Most models (bag ensemble, svm, gam, logitboost ensemble), perform best with the noiseless unit vector data and then slightly worse with the noisy or non unit vector data. The GPR model, on the other hand, performs the best of all the models on the noiselss non-normalized data but then completely fails with the unit vector data (it predicts everything as the same value) and mostly fails with the noisy data (it predicts almsot all test values as the same number with a few exceptions that it predicts perfectly).
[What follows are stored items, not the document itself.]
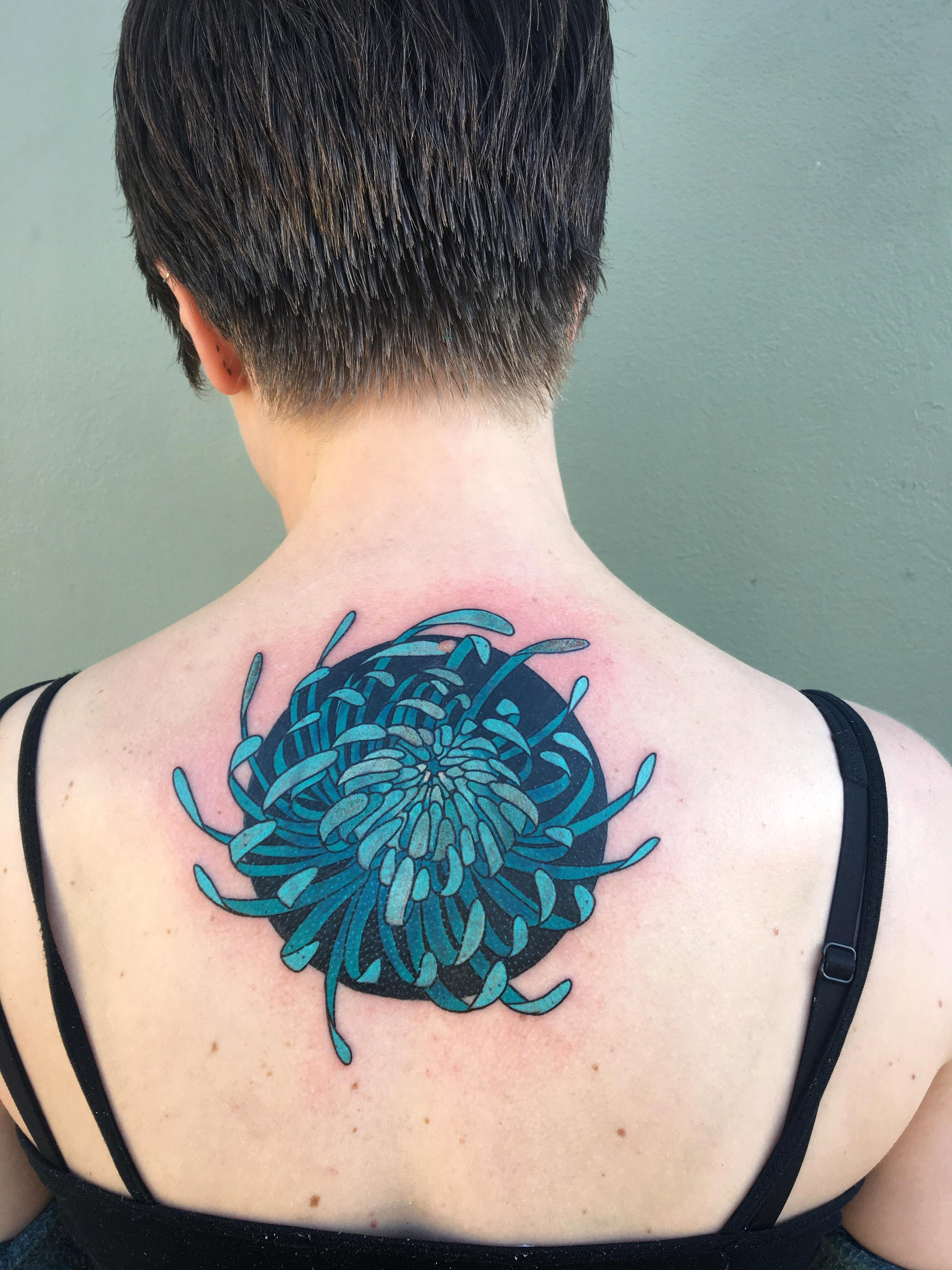 Chrysanthemum tattoo done by Wendi Kai at Tattoos by Wendi Kai in Springfield, Oregon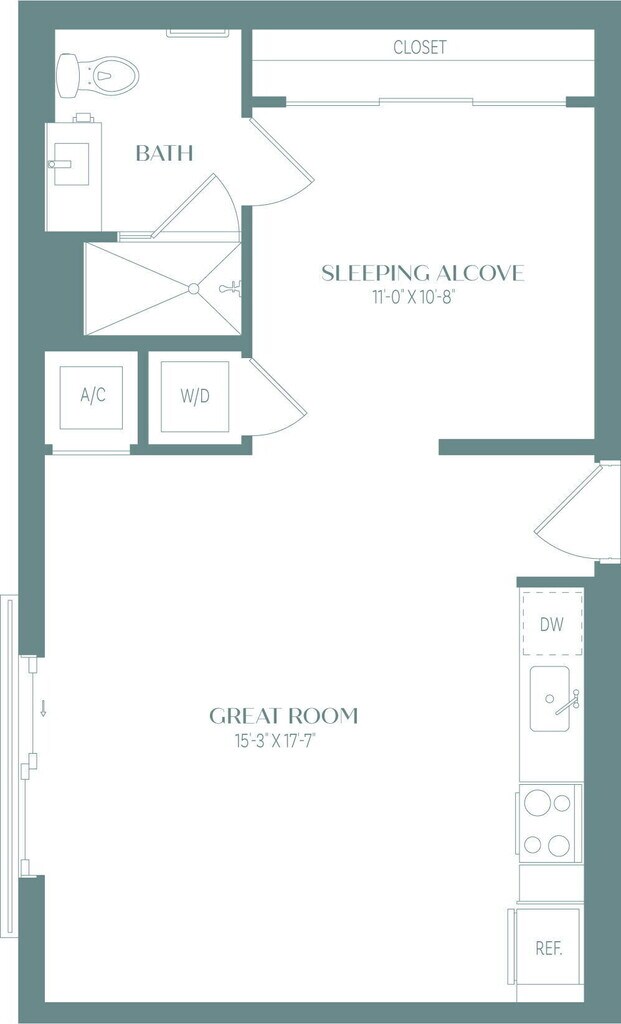 1 Dormitorio, 1 Baño, 603 pies²Disponible Jul 4Galería del Modelo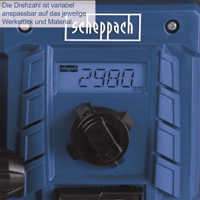 Velkou předností brusky je možnost plynulého nastavení otáček, díky čemuž lze dosáhnout optimálních výsledků při práci s různými druhy materiálů. Aktuální rychlost je přehledně zobrazena na LCD displeji, takže máte nad broušením vždy plnou kontrolu.

Here is example code for the normalized data (all data sets are processed the same way the data is just different):
%% Normal Data
clc; clearvars;
load threeEmbedData.mat
% turns the data and labels into 2d matrices
ylabels = reshape(yLabels,size(yLabels,1)*size(yLabels,2),3);
x = xGen(svData);
x(isnan(x)) = 0;
% splits data into test and validation sets
index = randperm(length(ylabels));
percent = .8;
final = round(percent*length(ylabels));
predictors = 1000;
train = x(1:predictors,index(1:final));
test = x(1:predictors,index(final+1:end));
Ytrain = ylabels(index(1:final),2);
Ytest = ylabels(index(1+final:end),2);
train = train';
test = test';
% creating the model
mdls{1} = fitrgp(train,Ytrain);
% sorting predicted test values and comparing them to actual test values
Y = predict(mdls{1},test);
[~,I] = sort(Ytest);
figure
scatter(1:size(Ytest,1),[Ytest(I) Y(I)])
% function for reshaping sensitivity vector fields and returning the
% reshaped values for embeded data
function [X] = xGen(svVec)
dim = [size(svVec)];
X1 = zeros(dim(1)*dim(2),dim(3));
X = zeros(dim(1)*dim(2),dim(3)*dim(4));
for l = 1:dim(4)
for k = 1:dim(3)
X1(:,k) = reshape(svVec(:,:,k,l)',[dim(1)*dim(2) 1]);
end
X(:,dim(3)*l-dim(3)+1:dim(3)*l) = X1;
end
end
This data generation works great but the data with nosie and the normnalzied data do not work at all. I have attached the results of all three below. My data files are all around 60 Mb so I cannot attach them but if anyone knows a workaroudn I would love to attach them for easier troubleshooting.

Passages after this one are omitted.